Early had been Stephanie's pet. She'd bought it when John and she first married, then spent hours teaching it domestic phrases.
"Did you remember the milk?" the bird repeated.
"Yeah, yeah, I got the milk, I got the milk," John said.
"Good John, good John," Early said and flew clumsily to the edge of the workbench.
On the center of the bench was John's latest project—a mahogany box about the size of a loaf of bread. The seven sides were not parallel, and the resultant shape was a geometric study with elegant, rounded edges and invisible joints. John lifted off the smallest side and set the new hinges in place. He worked with the precision of a jeweler, inserting the tiny brass screws in holes he had measured and drilled. When he was finished, he opened and closed the panel. A flawless fit.
John ran his fingers along one of the edges. Perfectly smooth. Except for a tiny burr near a corner. He took a piece of sandpaper, removed the offense, then rotated the box looking for other imperfections. The kitchen phone rang: a shrill call that made him grimace and made Early pace.
"It's your mother," a voice proclaimed through the answering machine. "You haven't called me."
"It's only been two days, Ma," John yelled at the machine.
"It's the anniversary, you know," the voice said.
"How could I forget with you harping about it?"
"We should visit. Bring flowers."
"You can bake a nice cake."
"I've baked a nice cake."
"And I should call you ‘cause you'll be waiting."
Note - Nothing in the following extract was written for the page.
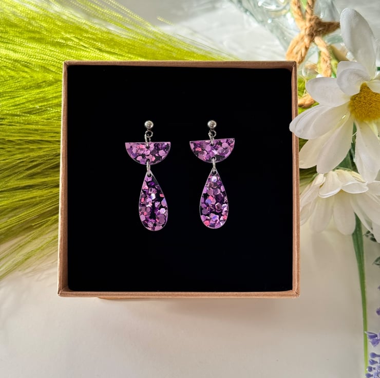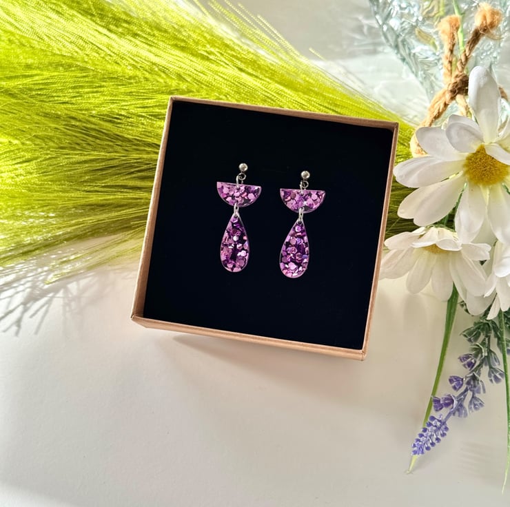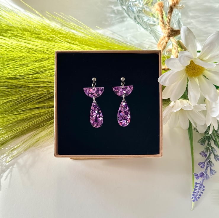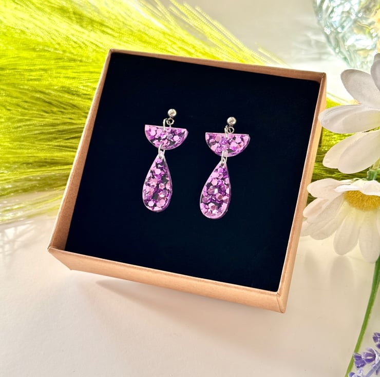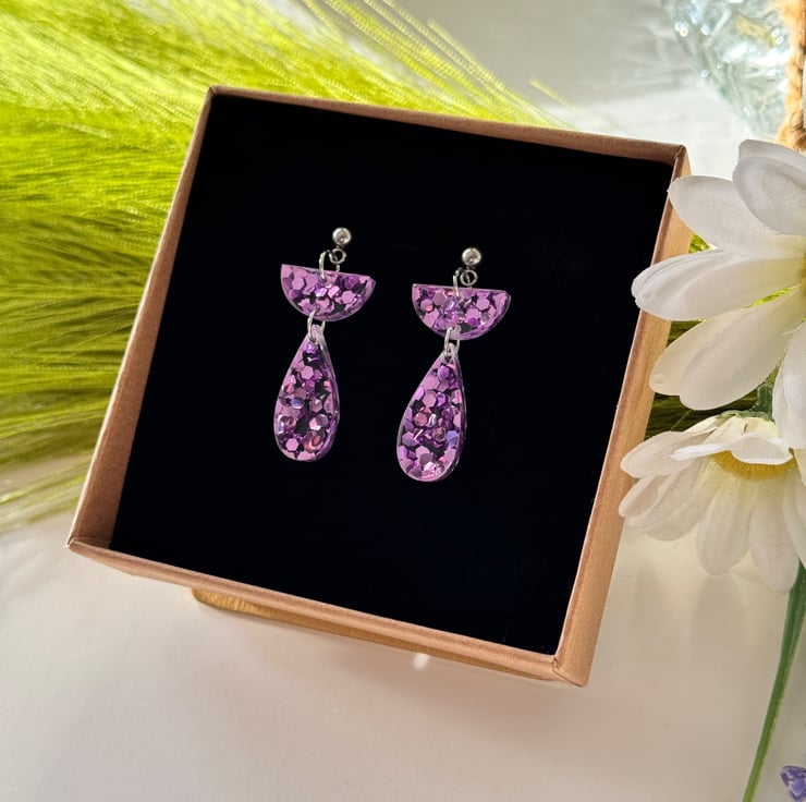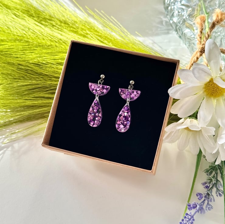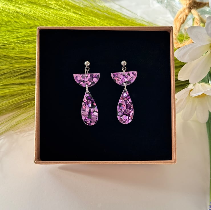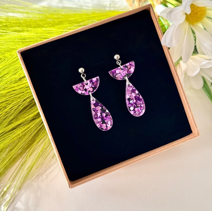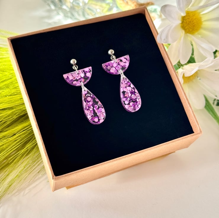 Confetti glitter in ice pink encased in clear acrylic with precision cut half semi circle tops and hanging teardrop finish.

"Call me. I'll be waiting."
"Hang up, Ma."
"Okay, I'm hanging up now."
She hung up. The answering machine beeped and reset.
"She's your mother not mine. Your mother not mine," Early the Bird chanted from his perch on the bench.
John took a swat at the parrot, but it jumped out of the way and flapped its way into the house.
John put the mahogany box in the center of the workbench and climbed the steps into his kitchen. It was a small room. Nineteen-fifties cabinetry. A lime green gas stove and refrigerator. Tiled counters. And 123 wooden boxes. They were everywhere—on the counters, above the cabinets, covering the table. Of the four chairs in the room, only one was empty.
The boxes were all sizes from a deck of cards to a case of beer, and all shapes from simple cubes and rectangles to uneven-sided forms that would challenge a mathematician. Some with parallel sides were stacked on one another. Others stood in crowded groupings like patrons in a bar. They were a mix of woods, the plainest made of finished ply, the more elegant crafted of exotic hardwoods and highly polished to reveal their complicated grains. The boxes spilled into the living room where another ninety-six covered the furniture and fought for space along the floor. Some of these were large. One was a dodecahedron with each of its twelve sides a perfect three-foot pentagon.
More boxes were in the hall and on the stairs that led to the second floor. A maple one matched the climb of the first four steps, a six-inch-wide series of rectangles joined at right angles that nestled perfectly against the risers and treads. In all, there were three hundred sixty three boxes. Three hundred sixty-five if you counted the one on John's workbench, and the single, large, unfinished one that sat in the middle of his bedroom.
"Wipe your feet if you're going upstairs," Early admonished. "Wipe your feet."
John sighed and said the one thing that would shut the bird up. "Yes, dear."